Developing hydrogel-based quasi-solid electrolytes (QSEs) that simultaneously achieve an extended electrochemical window, improved interfacial stability, and an optimal balance between ionic conductivity and mechanical strength remains highly challenging. In this work, low-cost sodium nitrate (10 m NaNO₃)-based QSEs were synthesised via free radical polymerisation using tetra(ethylene glycol) diacrylate (TEGDA) as the monomer, 2-hydroxy-2-methylpropiophenone (HMPP) as the photoinitiator, and varying polyethylene glycol (PEG, 45–70 wt%) contents as the crosslinker.

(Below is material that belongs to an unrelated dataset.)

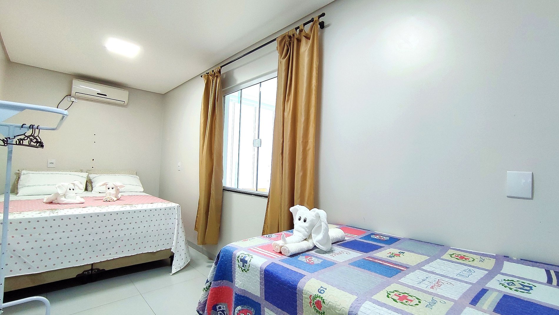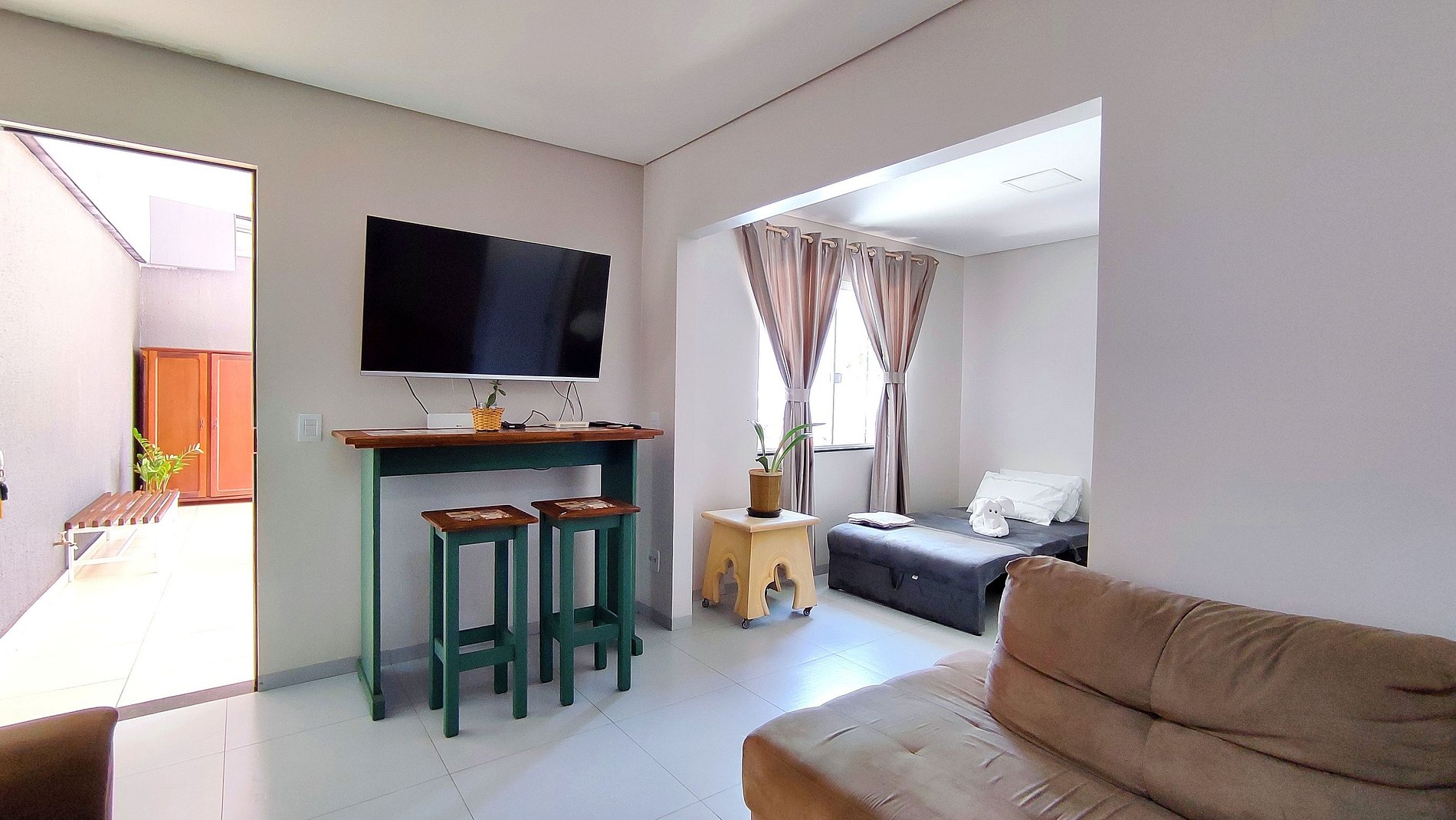 > 01 sofá cama na sala para 01 pessoa, pode ser usado para 02 crianças (deixamos travesseiros, roupas de cama e toalha de banho também)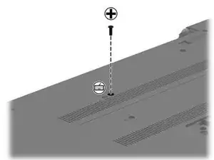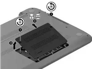 Ослабьте два винта, удерживающих служебную крышку ноутбука.

The QSEs were systematically characterised for their electrochemical performance, ionic conductivity, and mechanical properties at room temperature. Linear sweep voltammetry showed a widened electrochemical window of 2.4 V. As the PEG content increased from 45 to 70 wt%, ionic conductivity declined from 9.18 to 1.55 mS cm⁻¹, while the QSE with 60 wt% PEG exhibited the highest Young's modulus (2.95 MPa) and hardness (0.16 MPa), indicating the optimal balance between ionic conductivity and mechanical properties. The symmetric supercapacitor constructed using activated carbon electrodes and QSE containing 60 wt% PEG exhibited a specific capacitance of 168.3 F g⁻¹ when operated at 0.2 A g⁻¹ current density. The supercapacitor delivered a power density of 459.44 W kg⁻¹ alongside a peak energy density of 134.64 Wh kg⁻¹. When the power density was elevated to 4876.80 W kg⁻¹, the corresponding energy density was maintained at 20.32 Wh kg⁻¹. These results demonstrate the strong promise of NaNO₃-based QSEs as cost-effective, flexible, and high-performance electrolytes for next-generation sodium-ion supercapacitors.